--- ASSIGNED TASK ---
The expected output is the full data, repeated exactly, without pictures.

··· PROVIDED DATA ···

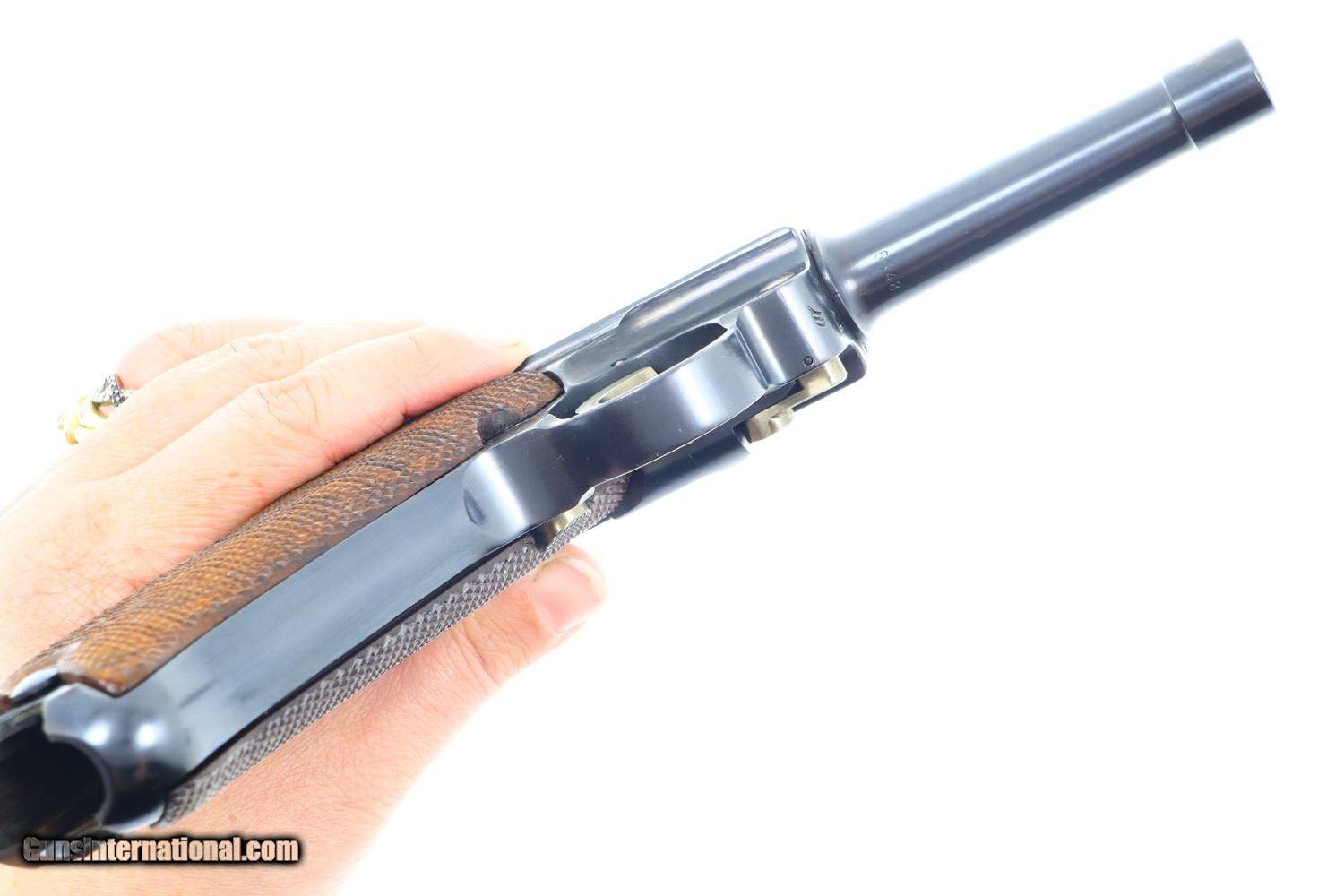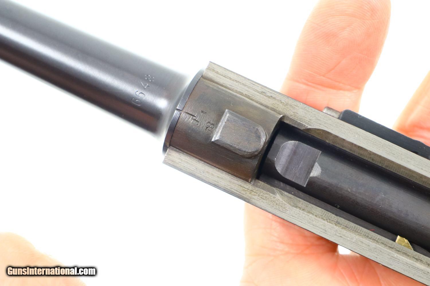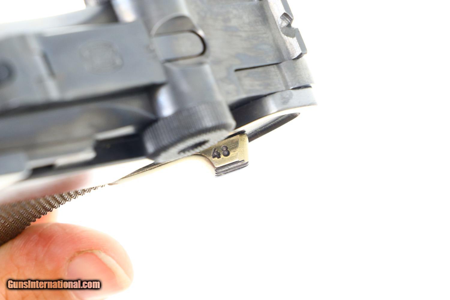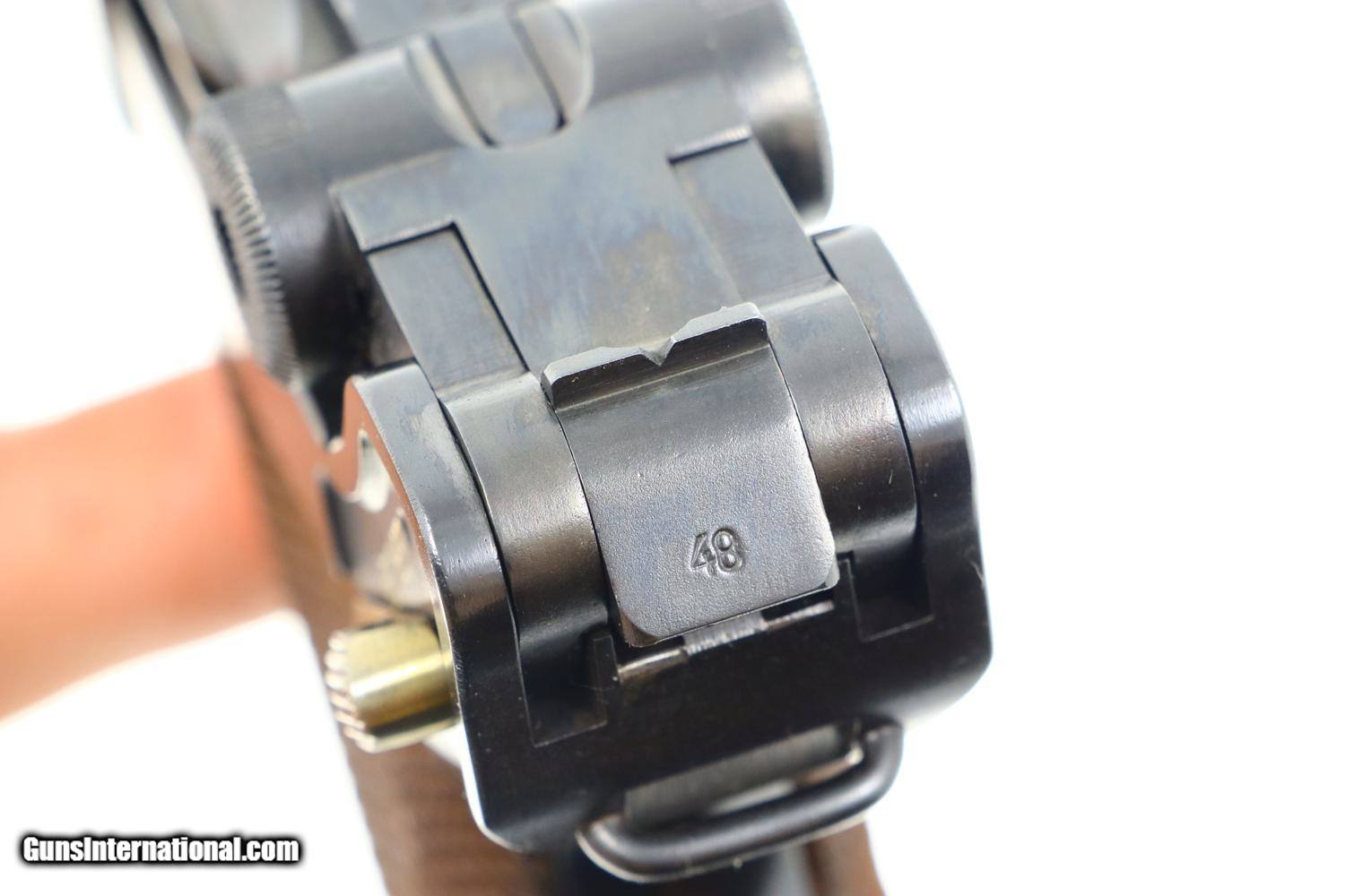 Description: Synopsis: Mauser, 1940 dated, Swedish Commercial Luger, 6648w, FB00762 Description: Scarce Mauser Banner Swedish Commercial Luger, 1940 chamber date, Cal: .30 Luger. Standard configuration Luger with 4” barrel having drift adjustable front sight and fixed “V” notch rear sight. 1940 chamber date, middle toggle link marked with Mauser Banner. Full serial number with letter suffix on front of frame with the serial number repeated under the barrel and on left side of receiver. Disassembly shows all matching numbers except wooden grips, the left panel marked with a large "70". Haenel Schmeiser stainless steel extruded magazine with aluminum plug and police type markings: “2/2124/Eagle N.” Condition: Over 99% crisp salt blue with comparable condition strawed/fire blued small parts and grips. Exc Haenel Schmeiser magazine. Mirror bright bore with very sharp rifling. Perfect manual mechanics. A gorgeous looking 1940 Swedish Mauser Banner Luger in .30 caliber! ~~Insured shipping fee of $75; most packages shipped using FedEx 2nd Day.~~ SOLD Manufacturer: Mauser Serial Number: 6648w Caliber Info: .30 Luger |
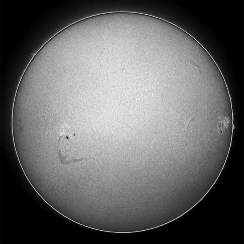 太陽の北半球、高緯度に何やら怪しい影が…。前後のコマを見ると高速に移動しているぞ。どうやら鳥のようです。最近、太陽面を横切る鳥が多いんですよね。何故でしょう?季節的なものでしょうか?でも去年までは気付きませんでしたし…。動画で撮影していても必ずと言って良いほど鳥が写ります。異常気象のせい?
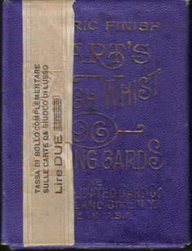 Description: The only thing of this deck that has survived is the box. Since there is a revenue on the box I cannot read everything that is written on the box itself. What can be read (plus my guess): ...RIC FINISH, ...ART'S ...CH WHIST, 96, ...NG CARDS, THE ...LIDATED CARD CO, ...LAND CITY, N.Y., ...E IN U.S.A (Fabric Finish, Hart's French Whist 96 Playing Cards, The Consolidated Card Co, ???land City, N.Y., Made in U.S.A.)

···

--- WRITTEN SOLUTION ---
 Description: Synopsis: Mauser, 1940 dated, Swedish Commercial Luger, 6648w, FB00762 Description: Scarce Mauser Banner Swedish Commercial Luger, 1940 chamber date, Cal: .30 Luger. Standard configuration Luger with 4” barrel having drift adjustable front sight and fixed “V” notch rear sight. 1940 chamber date, middle toggle link marked with Mauser Banner. Full serial number with letter suffix on front of frame with the serial number repeated under the barrel and on left side of receiver. Disassembly shows all matching numbers except wooden grips, the left panel marked with a large "70". Haenel Schmeiser stainless steel extruded magazine with aluminum plug and police type markings: “2/2124/Eagle N.” Condition: Over 99% crisp salt blue with comparable condition strawed/fire blued small parts and grips. Exc Haenel Schmeiser magazine. Mirror bright bore with very sharp rifling. Perfect manual mechanics. A gorgeous looking 1940 Swedish Mauser Banner Luger in .30 caliber! ~~Insured shipping fee of $75; most packages shipped using FedEx 2nd Day.~~ SOLD Manufacturer: Mauser Serial Number: 6648w Caliber Info: .30 Luger |
 太陽の北半球、高緯度に何やら怪しい影が…。前後のコマを見ると高速に移動しているぞ。どうやら鳥のようです。最近、太陽面を横切る鳥が多いんですよね。何故でしょう?季節的なものでしょうか?でも去年までは気付きませんでしたし…。動画で撮影していても必ずと言って良いほど鳥が写ります。異常気象のせい?
 Description: The only thing of this deck that has survived is the box. Since there is a revenue on the box I cannot read everything that is written on the box itself. What can be read (plus my guess): ...RIC FINISH, ...ART'S ...CH WHIST, 96, ...NG CARDS, THE ...LIDATED CARD CO, ...LAND CITY, N.Y., ...E IN U.S.A (Fabric Finish, Hart's French Whist 96 Playing Cards, The Consolidated Card Co, ???land City, N.Y., Made in U.S.A.)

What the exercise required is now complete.